While the NSO expects manufacturing to shrink 9.4% this fiscal, albeit narrowing from an almost 20% contraction in the first half, it sees the crucial GVA services component of trade, hotels, transport, communication and broadcasting contracting 21.4% (the most among all the GVA constituents) over the 12-month period. Clearly, with the mandated social distancing norms having taken the highest toll on high-risk indoor activities, it is this omnibus services sector which contributes almost a fifth to overall GVA that is bearing the brunt of the pandemic-related restrictions. The forecast for government spending also appears far too upbeat.
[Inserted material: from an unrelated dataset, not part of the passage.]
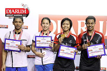 Feisal Wiranto/Ribka Sugiarto (Djarum Kudus) menyambut pengembalian

The NSO sees government final consumption expenditure (GFCE) jumping 17% in the second half, erasing the first-half’s contraction and buoying the annual figure to a growth of 5.8%. The end-November fiscal deficit data show the government lagging well behind its budgeted revenue and capital expenditure targets, and with just four months to go and revenue receipts continuing to underwhelm, it is hard to fathom how the GFCE can increase so appreciably in the second half. True, the NSO has furnished a caveat that its estimates are likely to undergo sharp revisions. The upcoming Economic Survey could move away from these overly optimistic assumptions with a more sober assessment of the economy.